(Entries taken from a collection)
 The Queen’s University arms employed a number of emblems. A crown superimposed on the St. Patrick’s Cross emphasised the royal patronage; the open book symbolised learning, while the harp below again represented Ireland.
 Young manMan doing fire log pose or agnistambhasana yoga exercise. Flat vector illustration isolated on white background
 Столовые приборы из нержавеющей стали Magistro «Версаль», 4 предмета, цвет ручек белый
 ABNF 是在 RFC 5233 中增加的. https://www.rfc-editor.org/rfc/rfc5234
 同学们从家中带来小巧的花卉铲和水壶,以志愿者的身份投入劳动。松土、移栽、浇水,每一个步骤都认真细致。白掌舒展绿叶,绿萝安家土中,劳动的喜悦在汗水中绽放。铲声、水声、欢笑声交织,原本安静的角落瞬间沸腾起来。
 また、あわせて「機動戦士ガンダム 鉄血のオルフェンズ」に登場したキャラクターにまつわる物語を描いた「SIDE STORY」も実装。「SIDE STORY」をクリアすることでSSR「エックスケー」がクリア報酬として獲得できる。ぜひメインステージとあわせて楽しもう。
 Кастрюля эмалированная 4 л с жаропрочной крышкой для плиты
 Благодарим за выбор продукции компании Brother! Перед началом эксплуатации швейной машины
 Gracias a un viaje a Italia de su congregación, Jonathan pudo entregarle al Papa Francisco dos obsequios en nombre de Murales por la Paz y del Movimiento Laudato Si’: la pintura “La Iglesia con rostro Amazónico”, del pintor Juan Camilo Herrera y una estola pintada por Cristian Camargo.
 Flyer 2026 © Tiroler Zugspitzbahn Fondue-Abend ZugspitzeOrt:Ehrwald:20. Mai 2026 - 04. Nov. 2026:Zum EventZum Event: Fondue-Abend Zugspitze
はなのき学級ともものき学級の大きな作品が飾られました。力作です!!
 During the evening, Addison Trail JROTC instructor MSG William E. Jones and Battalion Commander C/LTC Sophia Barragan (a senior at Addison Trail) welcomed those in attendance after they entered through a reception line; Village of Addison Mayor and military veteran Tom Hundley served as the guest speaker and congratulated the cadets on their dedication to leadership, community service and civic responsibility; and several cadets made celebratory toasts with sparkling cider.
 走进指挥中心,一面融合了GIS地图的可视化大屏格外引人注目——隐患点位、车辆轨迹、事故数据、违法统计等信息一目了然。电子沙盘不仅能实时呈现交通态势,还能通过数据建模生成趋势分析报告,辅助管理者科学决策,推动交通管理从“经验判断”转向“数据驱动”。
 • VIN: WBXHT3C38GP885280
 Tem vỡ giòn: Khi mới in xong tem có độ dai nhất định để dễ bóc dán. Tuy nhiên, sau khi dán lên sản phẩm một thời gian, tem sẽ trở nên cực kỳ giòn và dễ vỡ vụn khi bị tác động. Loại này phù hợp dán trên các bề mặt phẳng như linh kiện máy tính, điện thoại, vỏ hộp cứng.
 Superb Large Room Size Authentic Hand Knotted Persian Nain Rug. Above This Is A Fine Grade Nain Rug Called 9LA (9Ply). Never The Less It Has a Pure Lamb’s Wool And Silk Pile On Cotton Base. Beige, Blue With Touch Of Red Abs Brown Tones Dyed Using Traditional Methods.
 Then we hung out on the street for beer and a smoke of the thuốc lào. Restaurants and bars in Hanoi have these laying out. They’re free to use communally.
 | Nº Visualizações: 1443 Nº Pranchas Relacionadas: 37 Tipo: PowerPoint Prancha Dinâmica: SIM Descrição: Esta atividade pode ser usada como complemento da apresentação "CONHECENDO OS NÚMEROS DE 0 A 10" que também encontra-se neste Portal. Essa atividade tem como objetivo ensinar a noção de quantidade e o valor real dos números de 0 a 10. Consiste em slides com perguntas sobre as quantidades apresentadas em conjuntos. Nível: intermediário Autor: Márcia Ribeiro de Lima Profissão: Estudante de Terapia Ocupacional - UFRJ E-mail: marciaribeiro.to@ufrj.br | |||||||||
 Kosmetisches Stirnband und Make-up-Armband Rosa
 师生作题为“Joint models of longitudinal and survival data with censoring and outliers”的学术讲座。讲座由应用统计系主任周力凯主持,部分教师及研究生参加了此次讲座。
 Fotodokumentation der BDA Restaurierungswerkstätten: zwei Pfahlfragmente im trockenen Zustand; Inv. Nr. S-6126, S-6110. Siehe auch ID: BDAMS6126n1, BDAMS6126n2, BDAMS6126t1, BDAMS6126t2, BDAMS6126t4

**DESCRIPTION OF THE TASK**
Which lines above run from the one containing "Kosmetisches Stirnband und" down to the one containing "models of longitudinal"? Repeat exactly those, both ends included, and nothing else.

**RESPONSE TO THE TASK**
 Kosmetisches Stirnband und Make-up-Armband Rosa
 师生作题为“Joint models of longitudinal and survival data with censoring and outliers”的学术讲座。讲座由应用统计系主任周力凯主持,部分教师及研究生参加了此次讲座。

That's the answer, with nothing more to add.